Despite last year’s high water mark for opioid overdoses, data from the Pennsylvania Department of Health presented at a quarterly meeting Tuesday show that the state’s effort to reduce risky and high-dose prescription rates is working.
Members of the Achieving Better Care by Monitoring All Prescriptions Program (ABC-MAP) board met virtually, which brought together staff from Gov. Tom Wolf’s administration and state health officials.
The ABC-MAP oversees multiple programs aimed at combatting opioid misuse in Pennsylvania, including an electronic database that allows healthcare providers to monitor their patients’ prescription history.
Ashley Bolton, director of the Office of Drug Surveillance and Misuse Prevention, said that in particular, the program’s Prescriber Education Initiative, which is offered to healthcare providers, was reducing the morphine milligram equivalents (MME) — the potency of the opioid dose — being prescribed.
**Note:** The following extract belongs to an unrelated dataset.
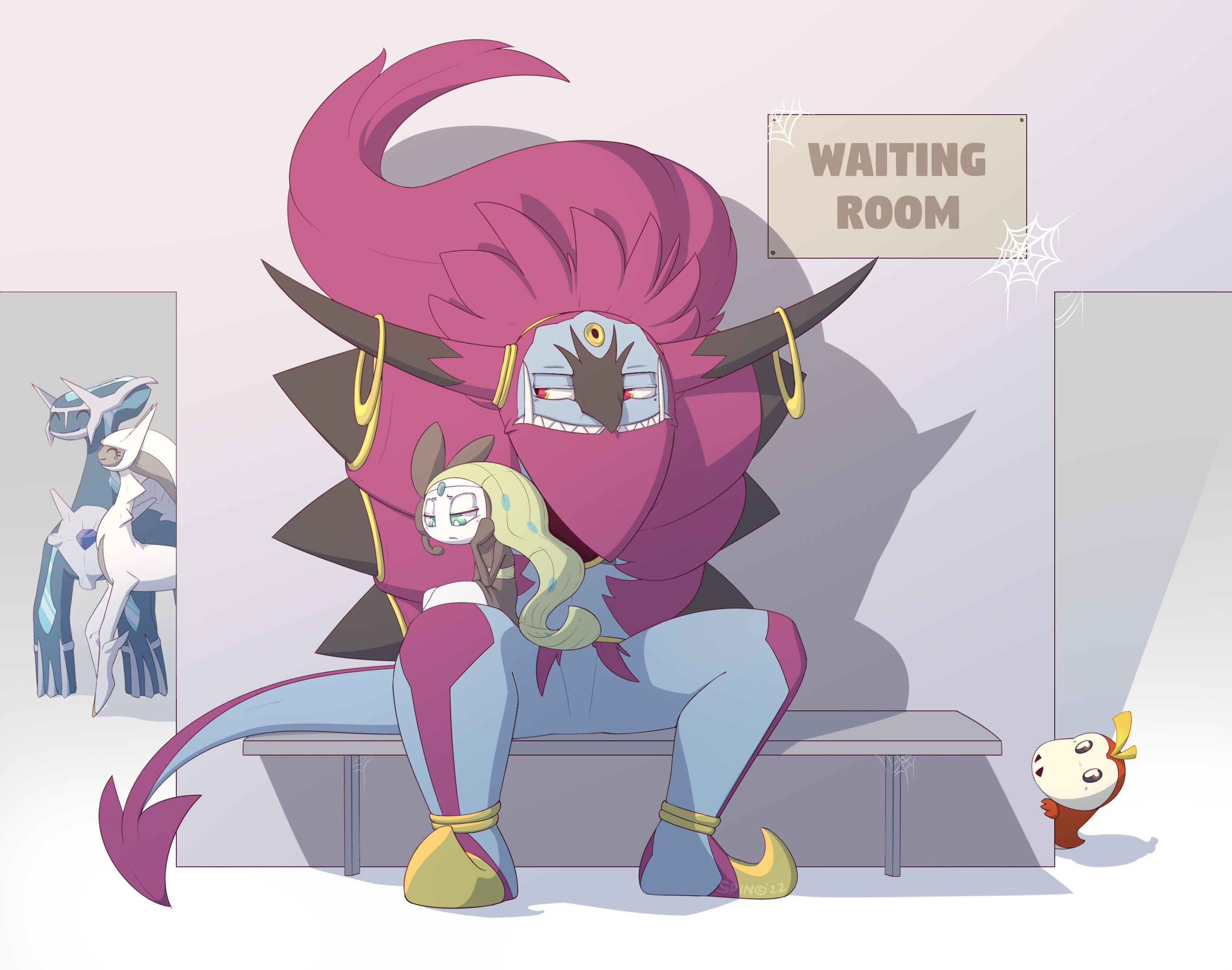 1girl 6+others arceus creepy dialga earrings english_text fuecoco gen_4_pokemon gen_5_pokemon gen_6_pokemon grin highres hoop_earrings hoopa hoopa_(unbound) horns jewelry legendary_pokemon looking_at_another looking_to_the_side meloetta meloetta_(aria) multiple_boys multiple_others mythical_pokemon nintendo no_humans pokemon pokemon_(creature) portal_(object) red_eyes sharp_teeth sitting smile spino_(spinoone) spirit teeth

“We’re finding that particularly among those that were prescribing greater than 50MME before the training, that they are having reductions after the training, which is very promising,” Ms. Bolton said during the meeting.
Ms. Bolton said the initiative also cut down on risky prescribing, which is seen when patients have an overlap in both opioid and benzodiazepine prescriptions.
The Prescriber Education Initiative has so far trained 13,536 individuals through in-person and virtual sessions, and 26,778 courses have been completed. Since the board’s last meeting in July, the initiative has trained a further 764 prescribers.
Ms. Bolton added that following academic sessions, the department has seen a decrease in the number of days that patients had overlapping prescriptions. Since the beginning of 2019, the percent of individuals with over 30 days overlap in their prescriptions has fallen close to 10%. Since the program began in 2016, that number has fallen 57%.
Other educational initiatives include opioid-related education for police, first responders, and correctional facility staff.
Ms. Bolton said that this September, the department saw its highest month of distribution of naloxone, a drug used to reverse opioid overdoses, to first responders.
The department announced two naloxone pilot programs, both alongside St. Joseph’s University in Philadelphia. One will train both the Department of Corrections and staff at multiple state correctional institutions, as well as state parole, alcohol, and drug agents. A second program will engage academy instructors within the state police.
The updates come as rates of opioid-related emergency department visits in Pennsylvania slowly return to levels slightly lower than what was seen pre-pandemic. When the pandemic hit, these hospital visits shot up to a little over 30% of every 10,000 visits, and remained high throughout the rest of 2020.
This fall, the rate has fallen back to 18.4%, the lowest it’s been since 2016.
According to Dr. Carrie Thomas Goetz, an epidemiologist with the Prescription Drug Monitoring Program Office, it is yet to be revealed whether overdose deaths have decreased as well — during the meeting, she said that there’s potentially been an increase in at-home overdose deaths that aren’t recorded by a hospital.
Among other trends, Dr. Goetz shared that the department has observed an increase in overdoses among people of color. In 2020, Pennsylvania’s Black population saw a 20% increase in overdose death rates compared to 2019, and a 64% increase compared to 2018.
Hispanics saw a 13% increase in 2020 from 2019, and a 23% increase compared to 2018. Other non-white races combined saw a 17% increase in overdoses in 2020.
Jared Shinabery, deputy secretary of Health Resources and Services, said the figures show the need to focus on minority and underserved populations. “Especially now that we’re really seeing the data shift in this direction.”